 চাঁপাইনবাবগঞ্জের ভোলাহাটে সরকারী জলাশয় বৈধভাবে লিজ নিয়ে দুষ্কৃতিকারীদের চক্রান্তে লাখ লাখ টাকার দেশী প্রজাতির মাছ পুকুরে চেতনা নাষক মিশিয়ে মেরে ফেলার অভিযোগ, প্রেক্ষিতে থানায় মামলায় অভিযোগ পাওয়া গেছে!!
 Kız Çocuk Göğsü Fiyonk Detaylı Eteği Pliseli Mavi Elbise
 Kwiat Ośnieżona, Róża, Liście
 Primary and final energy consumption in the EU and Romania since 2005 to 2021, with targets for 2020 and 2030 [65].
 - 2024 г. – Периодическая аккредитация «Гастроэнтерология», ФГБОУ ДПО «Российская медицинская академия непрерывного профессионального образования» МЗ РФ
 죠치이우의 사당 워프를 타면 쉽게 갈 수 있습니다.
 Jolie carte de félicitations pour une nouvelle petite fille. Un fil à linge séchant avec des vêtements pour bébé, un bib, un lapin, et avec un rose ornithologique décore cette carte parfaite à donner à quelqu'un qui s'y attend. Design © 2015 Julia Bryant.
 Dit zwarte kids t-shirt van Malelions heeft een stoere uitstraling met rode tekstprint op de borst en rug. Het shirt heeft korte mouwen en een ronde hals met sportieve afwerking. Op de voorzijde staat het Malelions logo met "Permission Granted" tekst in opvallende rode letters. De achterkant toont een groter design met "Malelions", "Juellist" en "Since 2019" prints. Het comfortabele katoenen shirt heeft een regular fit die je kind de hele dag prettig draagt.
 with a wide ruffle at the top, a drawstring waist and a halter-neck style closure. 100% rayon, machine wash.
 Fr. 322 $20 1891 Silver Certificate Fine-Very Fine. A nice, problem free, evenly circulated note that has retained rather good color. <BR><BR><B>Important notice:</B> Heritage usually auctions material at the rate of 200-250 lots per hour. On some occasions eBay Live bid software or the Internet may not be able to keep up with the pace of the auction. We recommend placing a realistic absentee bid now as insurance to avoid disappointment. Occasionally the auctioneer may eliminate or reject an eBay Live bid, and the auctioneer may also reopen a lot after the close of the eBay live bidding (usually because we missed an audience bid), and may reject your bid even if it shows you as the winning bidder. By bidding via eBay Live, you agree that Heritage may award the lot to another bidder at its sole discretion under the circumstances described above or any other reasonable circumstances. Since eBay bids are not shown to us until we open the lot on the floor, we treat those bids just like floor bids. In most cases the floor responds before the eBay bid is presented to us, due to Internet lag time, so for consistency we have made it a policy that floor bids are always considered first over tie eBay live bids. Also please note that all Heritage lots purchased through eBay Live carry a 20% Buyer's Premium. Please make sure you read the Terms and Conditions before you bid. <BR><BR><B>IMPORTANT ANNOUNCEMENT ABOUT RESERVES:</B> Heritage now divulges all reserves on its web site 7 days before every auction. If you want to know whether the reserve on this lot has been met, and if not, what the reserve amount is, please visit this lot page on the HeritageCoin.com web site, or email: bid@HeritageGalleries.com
· · ·
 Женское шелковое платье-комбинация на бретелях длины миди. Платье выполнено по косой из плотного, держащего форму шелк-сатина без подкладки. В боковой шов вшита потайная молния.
· · ·
== Task instructions ==
Starting at the line with "Kız Çocuk Göğsü" and ending at the line with "Dit zwarte kids", print each line of the listing above exactly, with no other lines.

== Result of this exercise ==
 Kız Çocuk Göğsü Fiyonk Detaylı Eteği Pliseli Mavi Elbise
 Kwiat Ośnieżona, Róża, Liście
 Primary and final energy consumption in the EU and Romania since 2005 to 2021, with targets for 2020 and 2030 [65].
 - 2024 г. – Периодическая аккредитация «Гастроэнтерология», ФГБОУ ДПО «Российская медицинская академия непрерывного профессионального образования» МЗ РФ
 죠치이우의 사당 워프를 타면 쉽게 갈 수 있습니다.
 Jolie carte de félicitations pour une nouvelle petite fille. Un fil à linge séchant avec des vêtements pour bébé, un bib, un lapin, et avec un rose ornithologique décore cette carte parfaite à donner à quelqu'un qui s'y attend. Design © 2015 Julia Bryant.
 Dit zwarte kids t-shirt van Malelions heeft een stoere uitstraling met rode tekstprint op de borst en rug. Het shirt heeft korte mouwen en een ronde hals met sportieve afwerking. Op de voorzijde staat het Malelions logo met "Permission Granted" tekst in opvallende rode letters. De achterkant toont een groter design met "Malelions", "Juellist" en "Since 2019" prints. Het comfortabele katoenen shirt heeft een regular fit die je kind de hele dag prettig draagt.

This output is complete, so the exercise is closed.